One of the most irritating things about garlic is preparing it for each and every meal. The shelling of a dozen or two cloves. The cutting or grating. Takes an inordinately long time - why not just make a massive batch at once, and pull what you need whenever you need it?

Ingredients

  • Garlic, 1Kg
  • Olive, Avocado, Graepeseed or any other high-quality oil.

Directions

  1. I typically start with a 1Kg bag of garlic. These come from China, and while I would normally worry about any food coming from China, at least it’s cheap. A year ago it was just a little over $2CDN for a 1Kg bag, but now it’s spiked to nearly $5CDN thanks to the garlic shortage. Fuck me, no? I go through about a kilo a month, easy. My Cæsar salads just aren’t good unless I’m dripping sweat and tears by the halfway mark. Same with my spaghetti Bolognese. And my… well, you get the point. Thankfully my employment is mostly solitary, with no direct public interaction.
  2. I have never had luck with the “two metal bowls” method of shelling garlic. For me, the only way to do it is to peel and cut off the hard base of each clove individually. I twist the clove to get the paper off just a bit easier; “cracking” the clove is IMHO a slow and arduous method but at least it works. YMMV.
  3. Once I have the entire 1Kg bag cut and stripped (takes about 2-3 hrs for me), I then pull out my food processor. You can use any, but make sure it’s a higher quality one that can run for many minutes without burning out or overheating. Use the blade tool, if yours has more than one tool.
  4. Pour the garlic in so that it reaches the maximum recommended fill level. Then take a really nice oil, such as Cold Pressed Olive oil, Grapeseed oil or Avocado oil. Fill the container up with that oil until it reaches the top of the garlic.
  5. Now, blend. Blend, blend blend that fucker! Blend until it is a gooey paste. If you have any larger chunkies sticking to the sides of the container, stop the blender and push them back down into the garlic paste with a spatula. Now blend some more to make sure you have caught any remaining chunkies. If necessary, pour more oil in to ensure your paste sorta-collapses to the bottom of the container when you stop your blades -- too stiff and it won’t properly process any large chunks that are still in there, they’ll just bounce off the blades. The paste needs to be pretty gloopy and sticky to grab hold of larger chunks and hold them in place for the blades to slice.

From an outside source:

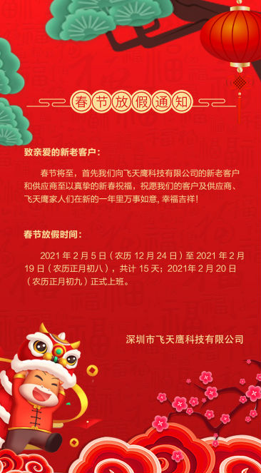 2021年2月5日(農(nóng)歷12月24日)至2021年2月19日(農(nóng)歷正月初八),共計(jì)15天;2021年2月20日(農(nóng)歷正月初九)正式上班。
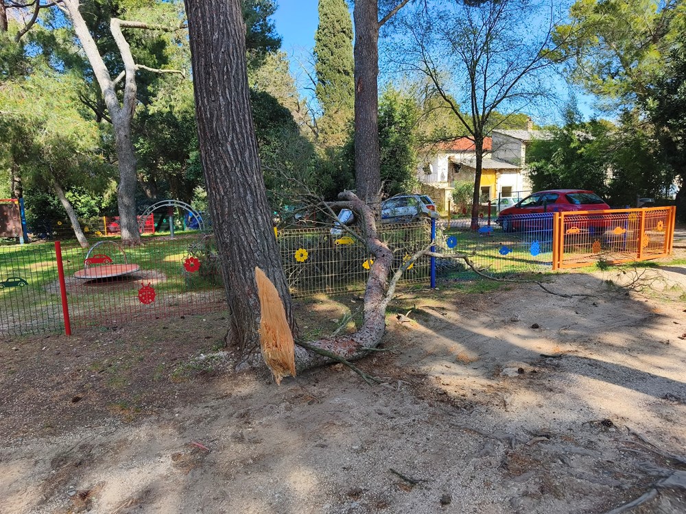 No, građani upozoravaju na potencijalne opasnosti koje se ponavljaju. Jedan čitatelj javio nam je kako je danas, oko dvadesetak minuta prije dojave, velika grana pala na dječje igralište u Ulici Olge Ban u Puli.

I use a terrine to store my garlic, and I prefer Le Parfait because they make the highest-quality terrines on the market. If you are in Canada and have a Marshalls, Homesense or Winners in your area, haunt that place like a mofo; they often get in dribs and drabs of Le Parfait every few months at ridiculously low prices. Like a 1L for $6.99, where you can pay $30+ on eBay and that’s before shipping. Homesense will be your best bet, Marshalls the worst.

Whatever container you use, try to avoid plastics; because even though yours might say “BPA Free” you need to understand that BPA is just one of thousands of known obseogens and endocrine disruptors that can leach into your food. Only ever use plastic for dry foods! The next best thing is to use a glass jar, even a normal Bernardin preserving jar would be excellent.

So 1Kg of garlic will, on average, make about 1.5L of ground garlic paste. You can thank the oil for the volumetric increase. This means it works great in salads, in the skillet as a pre-searing oil, and in almost any other dish you would normally put garlic in anyhow. You can even spread it on sandwiches like butter! I would recommend storing it in 2-3 containers, typically 500-750ml apiece, and put one at the back of your refrigerator and the rest in the freezer. Each will last about a month in the fridge before it starts getting this really weird (but safe) fluorescent shade of green and loosing most of its bite. The flavour is still there, but the bite won’t be.

Final note: Unless you absolutely adore coconut, stay the fuck away from coconut oil. I prepared my garlic with that shit once, and I still have it in the freezer (thankfully it was a much smaller batch). About the only thing it’s good for is to prepare a pan for a good meat searing. The taste of the coconut will absolutely overwhelm any normal dish you stick it in. I pretty well gagged on my Cæsar salad when I used that one.

Good luck, and may you always reek of garlic!